First, load the hyperparam_search
function from the tuning
module.
from popfinder.tuning import hyperparam_search
Next, decide which hyperparameters you would like to search over. You can choose values for the number of epochs, the learning rate, the dropout proportion, and the batch size.
epoch_options = [10, 20, 30]
learning_options = [0.001, 0.01, 0.1]
dropout_options = [0.1, 0.2, 0.3]
batch_options = [32, 64, 128]
Then, run the hyperparam_search
function. This function requires an instance of the PopClassifier
class, and the hyperparameters you would like to search over. The function will return a dataframe of performance metrics for each combination of hyperparameters. If you would like to perform a random search instead of a grid search, you can set the trials
argument to the number of random combinations of hyperparameters you would like to try.

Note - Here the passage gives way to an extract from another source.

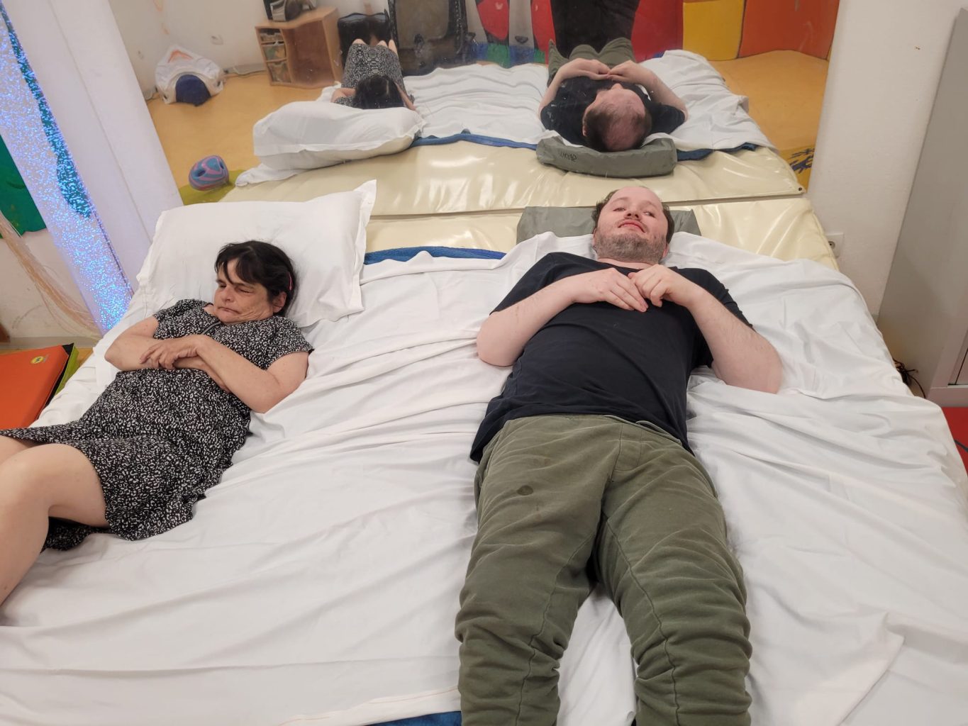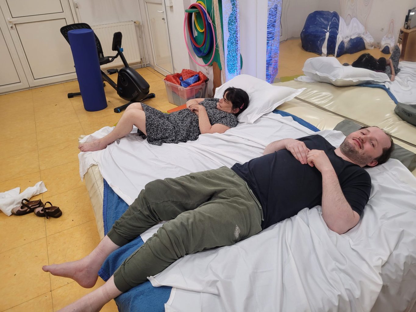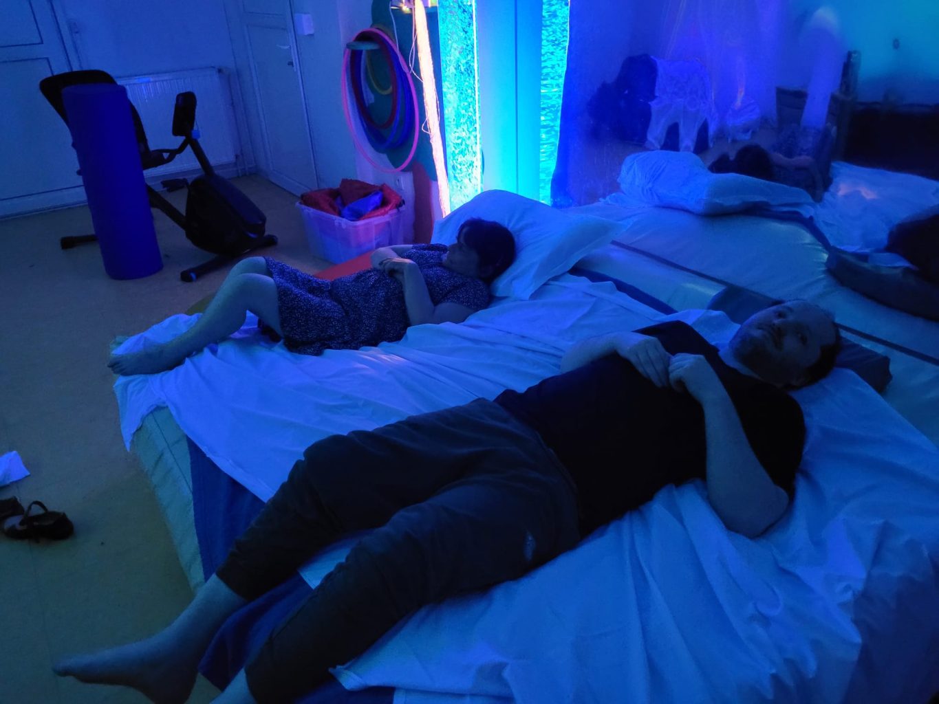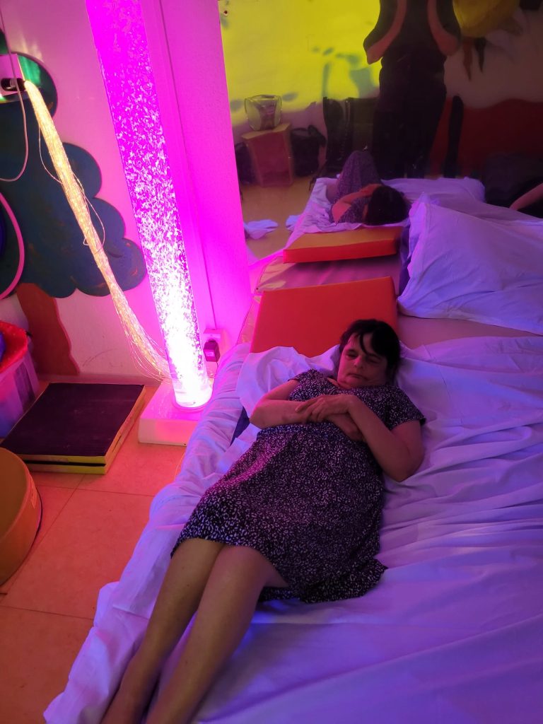 Les résidents profitent aussi de moments de détente en salle Snoezelen avec des effleurages relaxants auprès de Nadia, d’ateliers divers ou de marches tranquilles dans le jardin, au rythme de chacun.

classifier = PopClassifier(data_object)
results = hyperparam_search(classifier, cv_splits=5, learning_rate=learning_options,
dropout_prop=dropout_options, batch_size=batch_options,
epochs=epoch_options)
Depending on the metric you would like to use to choose your model hyperparameters, you can search the dataframe for the best hyperparameters. For example, if you would like to choose the hyperparameters that maximize the Matthews Correlation Coefficient (MCC), you can use the following code.
best_hyperparams = results.loc[results['valid_mcc'].idxmax()]
Finally, you are ready to train your model!
classifier.train(epochs=best_hyperparams['epochs'],
learning_rate=best_hyperparams['learning_rate'],
dropout_prop=best_hyperparams['dropout_prop'],
batch_size=best_hyperparams['batch_size'])
You can also run popfinder
from the command line. To run the classifier from the command line, run the pop_classifier
function. For a full list of methods and arguments for each function, run the --help
command.
pop_classifier --help
The general workflow for using the command line version of popfinder
is similar to using it in the Python IDE. At each step below, the updated model is loaded from and saved to the output_folder
. If no output_folder
is given, then a folder called `` will be created in the current working directory and all outputs will be saved to this folder.
- Load the data.
pop_classifier --load_data --genetic_data="tests/test_data/test.vcf" --sample_data="tests/test_data/testNA.txt"
- Train the model.
pop_classifier --train
- Evaluate the model on the test dataset.
pop_classifier --test
- Perform population assignment with the trained/tested model.
pop_classifier --assign
The output folder will contain results files, such as model evaluation statistics and a dataframe of sample population assignments. You can also generate plots based on the model results that will be saved to the output folder, such as the following:
pop_classifier --plot_assignment
A reference containing all the available classes and methods for popfinder
can be found on the documentation website.